Ainsi, le jour où ces gens partiront en vacances, ils chercheront directement le nom de cette agence, car ils ont déjà été convaincu par sa pertinence et ils l’a connaisse bien du fait de leurs recherches.

Cet avantage concurrentiel est loin d’être négligeable à l’heure de la reprise, car les mots clés qualifiés ont une efficacité moindre, on le constate déjà.

Là, maintenant, ce sont les noms de marques qui reprennent du galon dans les recherches. Les prospects savent déjà ce qu’ils veulent et à qui ils vont s’adresser.

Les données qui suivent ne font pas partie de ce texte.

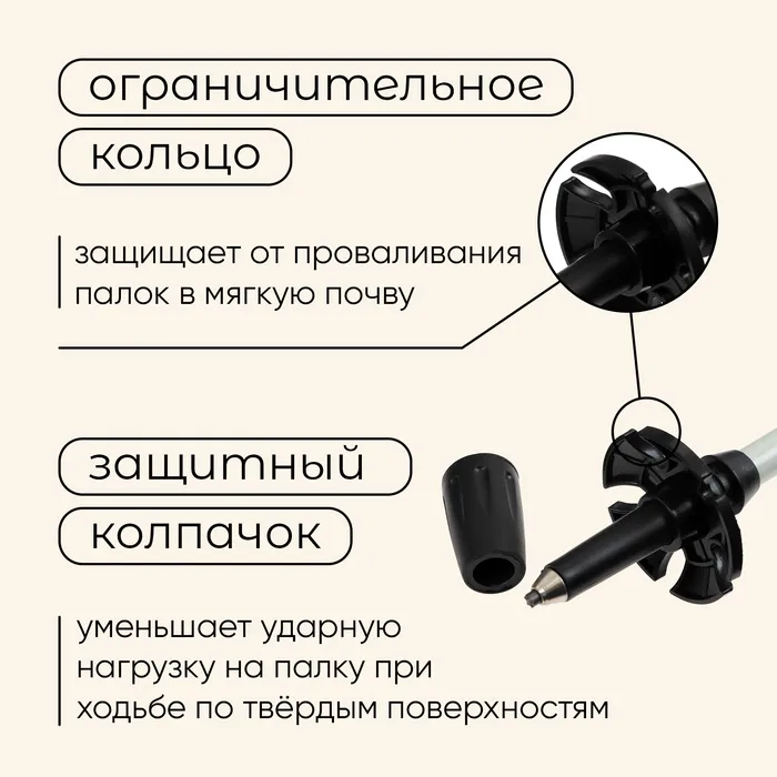 - Модель оснащена ограничительным кольцом для предотвращения проваливания палок в мягкую почву и застревания между камнями.

Enfin, parce que la longue traîne continue et continuera de faire son oeuvre

Crise ou pas, le parcours d’achat d’un prospect commence toujours par des mots clés peu qualifiés qui n’apportent pas immédiatement des demandes de devis.

L’intérêt de la longue traîne est d’avoir une présence sur les résultats de recherches aux premières étapes du processus de réflexion des prospects.

Ceci afin de baliser leur parcours et de les orienter aux fur et à mesure que leurs idées mûrissent et que leur projet d’achat ou de voyage s’affine.

A la clé : des demandes de devis encore plus qualifiés, car un prospect dont on a capté l’attention depuis le début de sa réflexion, va rarement nous mettre en concurrence. Il nous ait acquis.

Conclusion :

Celles et ceux qui ont négligé leur SEO, notamment leur longue traîne, ont déjà payé un prix plus élevé que les autres et risquent, à défaut de réagir maintenant, de payer cette négligence pendant encore longtemps.

S’ils veulent accroître leurs chances de tirer leur épingle du jeu dans les mois qui viennent, ils feraient mieux d’intégrer le SEO à leur stratégie de relance dès maintenant.

Plus ils attendront, plus les effets seront tardifs.